▸ **Source material**

****

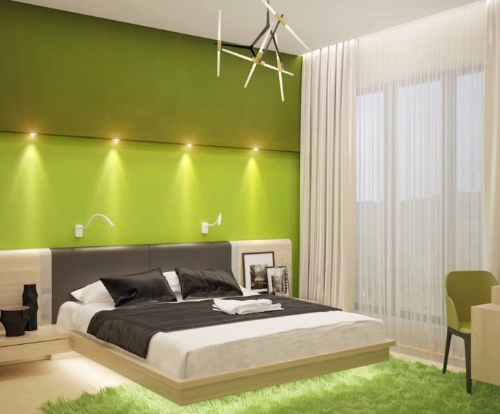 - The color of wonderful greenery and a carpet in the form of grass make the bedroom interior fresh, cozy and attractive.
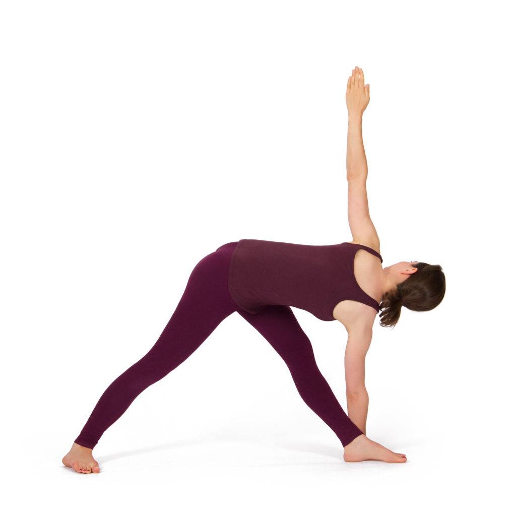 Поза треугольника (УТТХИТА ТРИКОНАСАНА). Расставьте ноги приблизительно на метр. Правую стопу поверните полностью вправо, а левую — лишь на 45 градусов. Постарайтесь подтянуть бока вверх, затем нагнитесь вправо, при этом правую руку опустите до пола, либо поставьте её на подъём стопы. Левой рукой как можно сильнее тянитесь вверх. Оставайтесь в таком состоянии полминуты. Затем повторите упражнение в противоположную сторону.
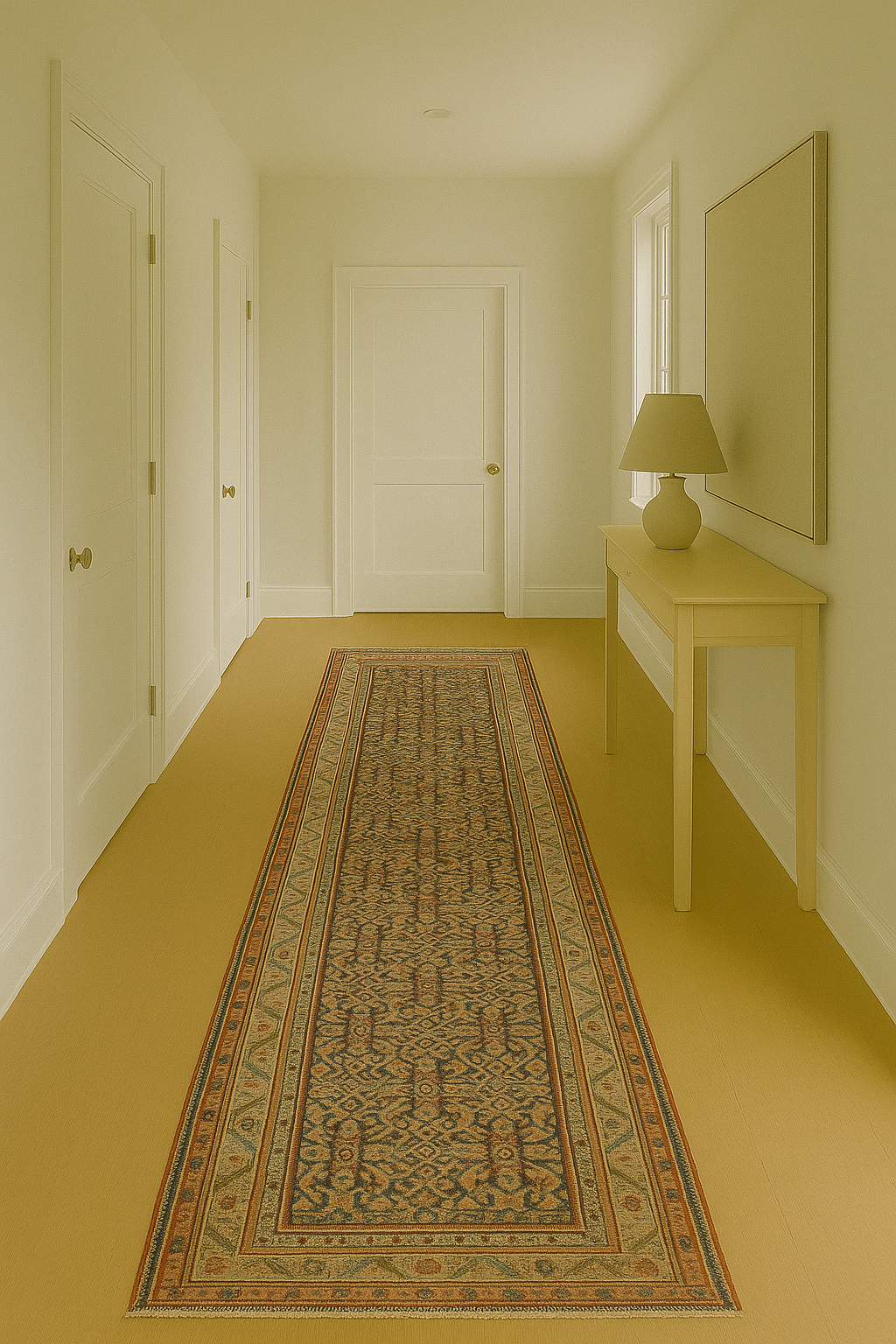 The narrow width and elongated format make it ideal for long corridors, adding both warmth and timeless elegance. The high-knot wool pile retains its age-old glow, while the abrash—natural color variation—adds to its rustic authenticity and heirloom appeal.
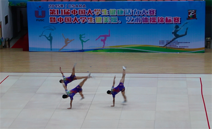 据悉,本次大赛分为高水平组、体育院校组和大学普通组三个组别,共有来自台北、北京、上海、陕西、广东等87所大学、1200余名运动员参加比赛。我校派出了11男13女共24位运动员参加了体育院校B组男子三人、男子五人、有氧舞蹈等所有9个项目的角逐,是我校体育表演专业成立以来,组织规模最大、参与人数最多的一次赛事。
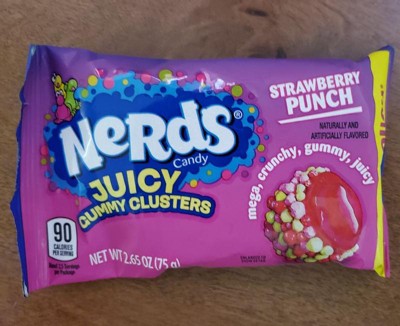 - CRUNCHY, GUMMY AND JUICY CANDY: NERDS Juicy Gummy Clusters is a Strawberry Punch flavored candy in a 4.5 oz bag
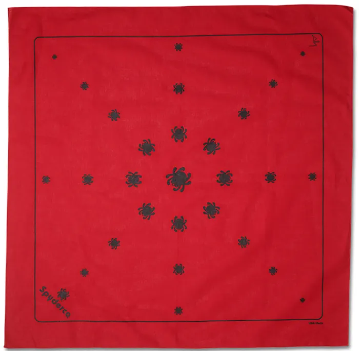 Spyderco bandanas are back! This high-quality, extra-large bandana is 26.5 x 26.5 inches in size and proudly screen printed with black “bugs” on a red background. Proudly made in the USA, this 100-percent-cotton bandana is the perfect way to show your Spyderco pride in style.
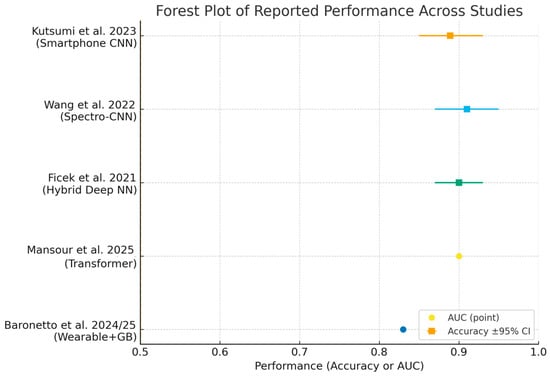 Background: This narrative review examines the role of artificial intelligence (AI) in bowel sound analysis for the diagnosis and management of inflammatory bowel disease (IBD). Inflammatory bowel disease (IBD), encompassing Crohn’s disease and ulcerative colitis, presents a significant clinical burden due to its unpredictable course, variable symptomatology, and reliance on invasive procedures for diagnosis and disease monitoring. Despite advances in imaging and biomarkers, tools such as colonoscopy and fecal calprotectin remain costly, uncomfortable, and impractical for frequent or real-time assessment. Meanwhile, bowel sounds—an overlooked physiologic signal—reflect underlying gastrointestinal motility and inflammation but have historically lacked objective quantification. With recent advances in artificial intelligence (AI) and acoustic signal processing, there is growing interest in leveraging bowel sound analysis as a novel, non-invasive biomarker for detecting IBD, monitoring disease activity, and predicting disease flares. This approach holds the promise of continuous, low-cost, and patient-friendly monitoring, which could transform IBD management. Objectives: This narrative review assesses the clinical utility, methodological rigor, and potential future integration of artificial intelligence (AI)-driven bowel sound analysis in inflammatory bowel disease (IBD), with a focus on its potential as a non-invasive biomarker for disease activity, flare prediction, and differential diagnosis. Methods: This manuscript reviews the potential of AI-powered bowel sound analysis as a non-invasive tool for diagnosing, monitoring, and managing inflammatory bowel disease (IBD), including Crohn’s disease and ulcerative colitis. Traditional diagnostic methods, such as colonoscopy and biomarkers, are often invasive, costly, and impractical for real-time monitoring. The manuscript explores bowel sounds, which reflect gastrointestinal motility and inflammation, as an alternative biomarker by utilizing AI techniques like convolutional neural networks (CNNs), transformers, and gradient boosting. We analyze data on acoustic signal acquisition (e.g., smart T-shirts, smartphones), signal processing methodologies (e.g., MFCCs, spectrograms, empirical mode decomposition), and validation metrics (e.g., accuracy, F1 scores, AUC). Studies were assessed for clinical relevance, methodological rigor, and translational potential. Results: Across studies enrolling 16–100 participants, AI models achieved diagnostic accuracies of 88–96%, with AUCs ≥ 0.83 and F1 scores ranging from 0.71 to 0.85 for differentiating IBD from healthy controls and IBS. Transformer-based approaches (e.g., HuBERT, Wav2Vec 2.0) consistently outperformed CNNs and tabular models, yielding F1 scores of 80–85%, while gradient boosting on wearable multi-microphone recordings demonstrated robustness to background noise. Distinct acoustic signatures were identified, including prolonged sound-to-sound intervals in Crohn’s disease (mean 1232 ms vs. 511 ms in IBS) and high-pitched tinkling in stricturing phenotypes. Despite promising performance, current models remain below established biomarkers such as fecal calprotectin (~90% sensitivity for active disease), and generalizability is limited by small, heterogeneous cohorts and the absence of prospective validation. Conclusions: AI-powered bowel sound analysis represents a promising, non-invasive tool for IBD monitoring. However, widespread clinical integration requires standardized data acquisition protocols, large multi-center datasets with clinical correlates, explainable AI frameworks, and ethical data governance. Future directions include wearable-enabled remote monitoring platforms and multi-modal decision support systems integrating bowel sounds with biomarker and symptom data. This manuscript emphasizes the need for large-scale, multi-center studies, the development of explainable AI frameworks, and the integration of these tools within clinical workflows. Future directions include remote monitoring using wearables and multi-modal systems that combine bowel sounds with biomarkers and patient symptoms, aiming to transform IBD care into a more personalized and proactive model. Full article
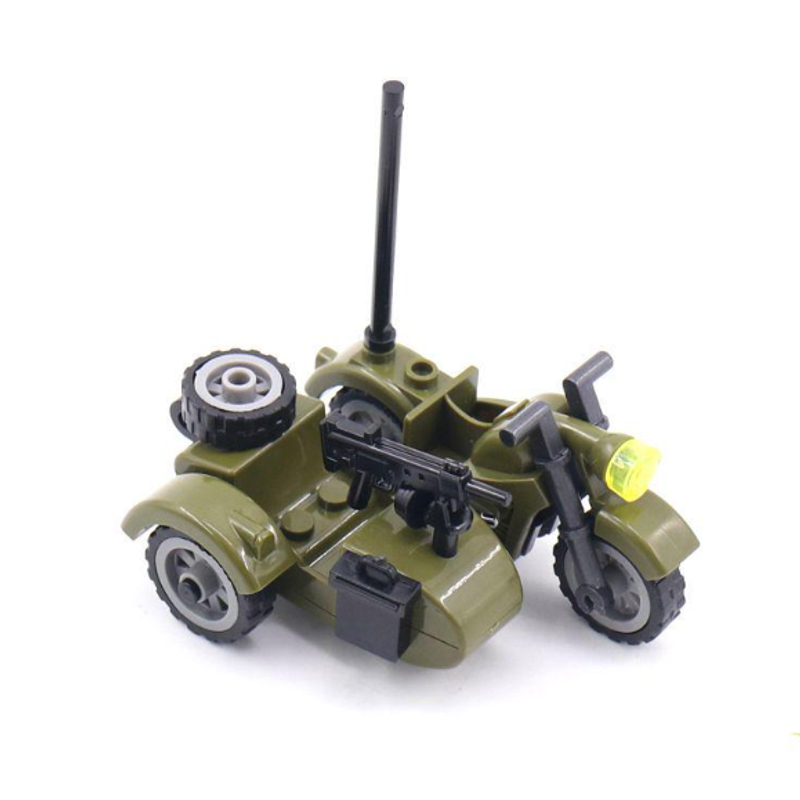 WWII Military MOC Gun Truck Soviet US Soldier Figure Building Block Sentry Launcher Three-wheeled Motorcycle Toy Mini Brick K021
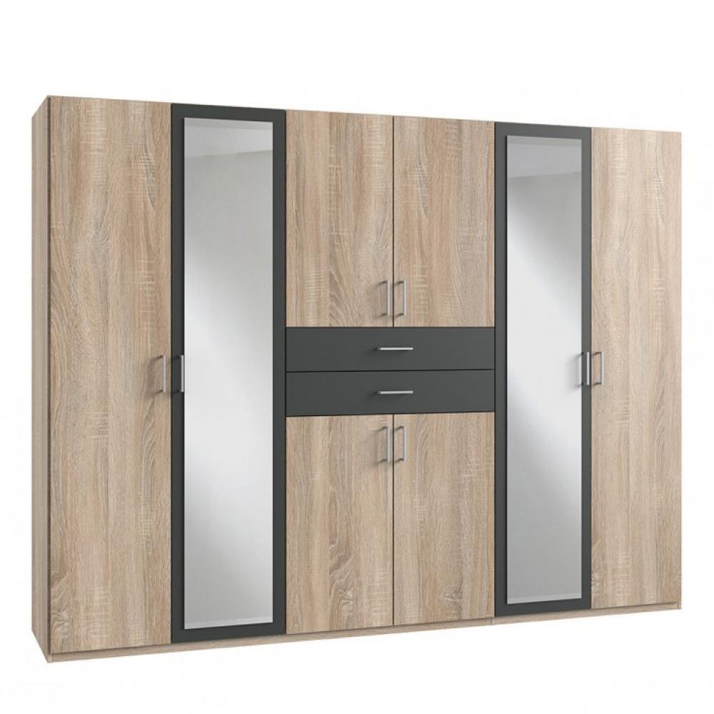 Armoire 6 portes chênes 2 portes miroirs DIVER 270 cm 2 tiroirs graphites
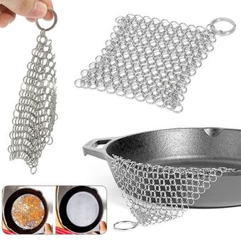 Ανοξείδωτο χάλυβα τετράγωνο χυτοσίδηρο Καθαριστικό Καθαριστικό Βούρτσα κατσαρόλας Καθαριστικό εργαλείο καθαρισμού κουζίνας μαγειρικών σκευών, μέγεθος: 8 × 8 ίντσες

****

▸ **What the exercise asks**
Output only these lines, word for word: the line containing "WWII Military MOC" and every line after it through the last line of the data. Omit the pictures.

▸ **Solution to this task**
 WWII Military MOC Gun Truck Soviet US Soldier Figure Building Block Sentry Launcher Three-wheeled Motorcycle Toy Mini Brick K021
 Armoire 6 portes chênes 2 portes miroirs DIVER 270 cm 2 tiroirs graphites
 Ανοξείδωτο χάλυβα τετράγωνο χυτοσίδηρο Καθαριστικό Καθαριστικό Βούρτσα κατσαρόλας Καθαριστικό εργαλείο καθαρισμού κουζίνας μαγειρικών σκευών, μέγεθος: 8 × 8 ίντσες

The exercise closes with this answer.